Pythag Kurniati    •    Rabu, 15 Nov 2017 16:57 WIB
jalur kereta api
Lantai Tua Stasiun Purwosari Dilapis Kaca untuk Jaga Budaya
Renovasi Stasiun Purwosari tengah berjalan. Foto: Metrotvnews.com/Pythag Kurniati

Solo: PT. Kereta Api Indonesia (KAI) Daerah Operasi (Daop) VI Yogyakarta merenovasi Stasiun Purwosari, Kota Solo, Jateng. Renovasi sekaligus menyasar bagian lantai stasiun dengan mengganti keramik.

Namun, Daop VI mengaku berhati-hati dalam renovasi. Sebab, sebagian lantai stasiun telah berusia sangat tua dan memuat nilai warisan budaya.

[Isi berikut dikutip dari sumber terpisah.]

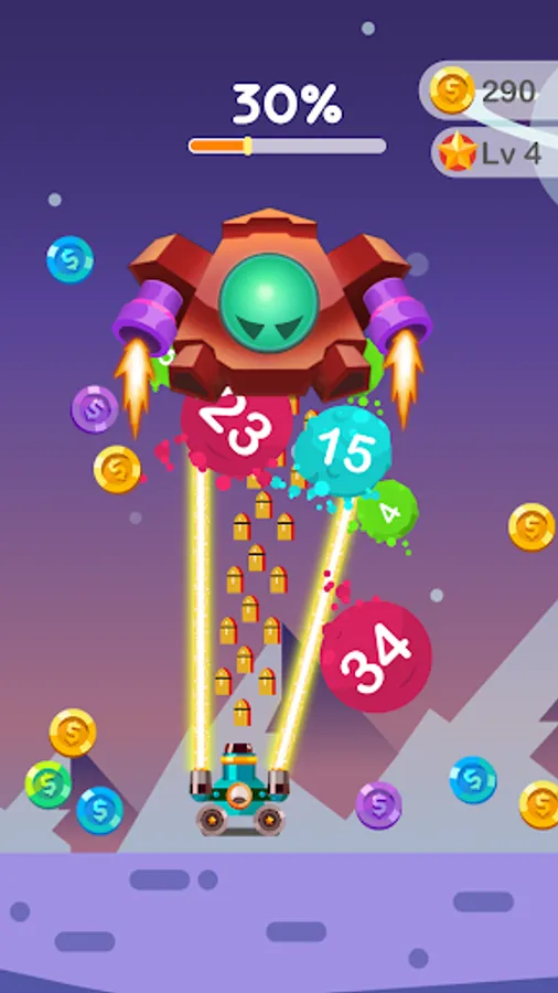 - Collect gold by destroying balls and upgrade your cannon.
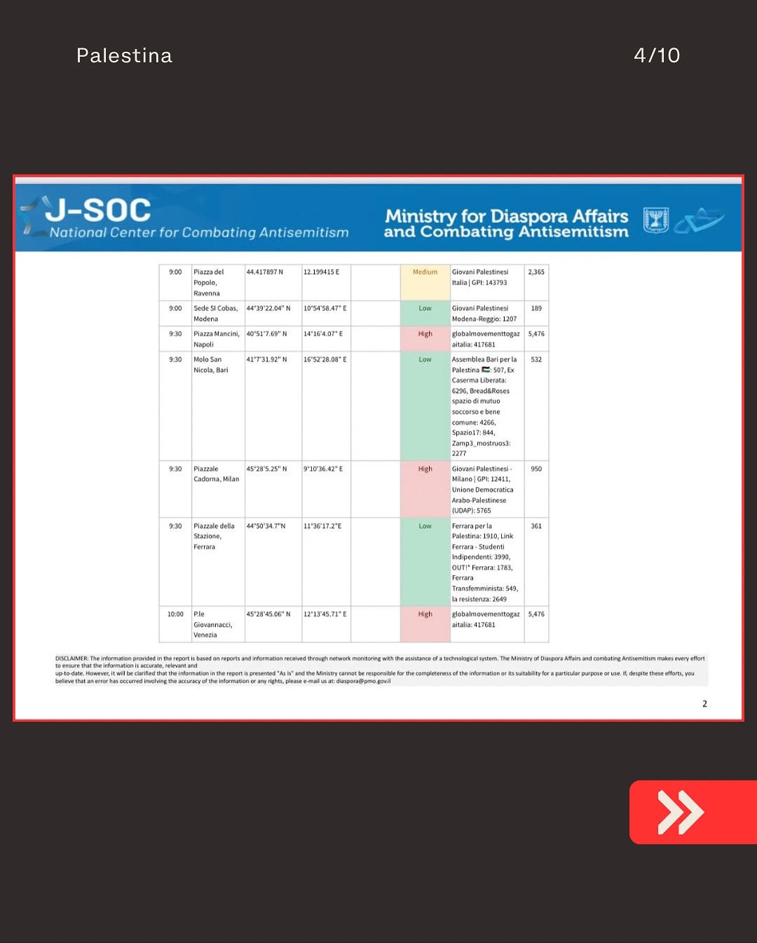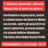 Dall’Italia, in tantissime piazze si sono tenute iniziative a sostegno della spedizione umanitaria e, a Napoli, diverse centinaia di persone si hanno dato vita a un corteo partito da Largo Berlinguer e terminato in piazza Municipio. A ridosso di piazza del Plebiscito, la dimostrazione con dei fuochi d’artificio. “Portiamo i rumori delle bombe sotto la Prefettura”, la loro spiegazione. A partecipare, anche molti liceali e universitari, attivi sostenitori della causa palestinese. Tra questi, anche diversi membri del CAU Napoli, organizzazione definita potenzialmente antisemita da un recente dossier ministeriale israeliano.

"Pada beberapa bagian lantai nanti akan kami lapisi dengan kaca," ujar Deputi Excecutive Vice President Daop VI PT. KAI Ida Hidayati, Selasa, 15 November 2017.

Pelapisan kaca untuk tetap mempertahankan bentuk lantai dan tidak mengubahnya. Konsep tersebut, lanjutnya, berkiblat pada konsep yang diterapkan di Stasiun Manggarai.

Meskipun Stasiun Purwosari belum memiliki penetapan tertulis mengenai bangunan cagar budaya seperti Stasiun Manggarai namun konsep serupa tetap diadopsi.

"Akan ada beberapa bagian lantai yang tetap kita pertahankan," urai dia.

Renovasi ini tidak bisa dihindarkan untuk meningkatkan kenyamanan penumpang. Wali Kota Solo FX Hadi Rudyatmo berpesan agar PT. KAI berhati-hati dalam mengganti keramik lantai Stasiun Purwosari.

Pengelolaan stasiun memang jadi kewenangan PT. KAI. Namu dia meminta PT. KAI menggandeng Balai Pelestarian Cagar Budaya (BPCB).

"Saya waktu merenovasi Loji Gandrung (rumah dinas Wali Kota Solo) harus pakai BPCB, revitalisasi bungker di Balai Kota pun juga begitu," terang dia.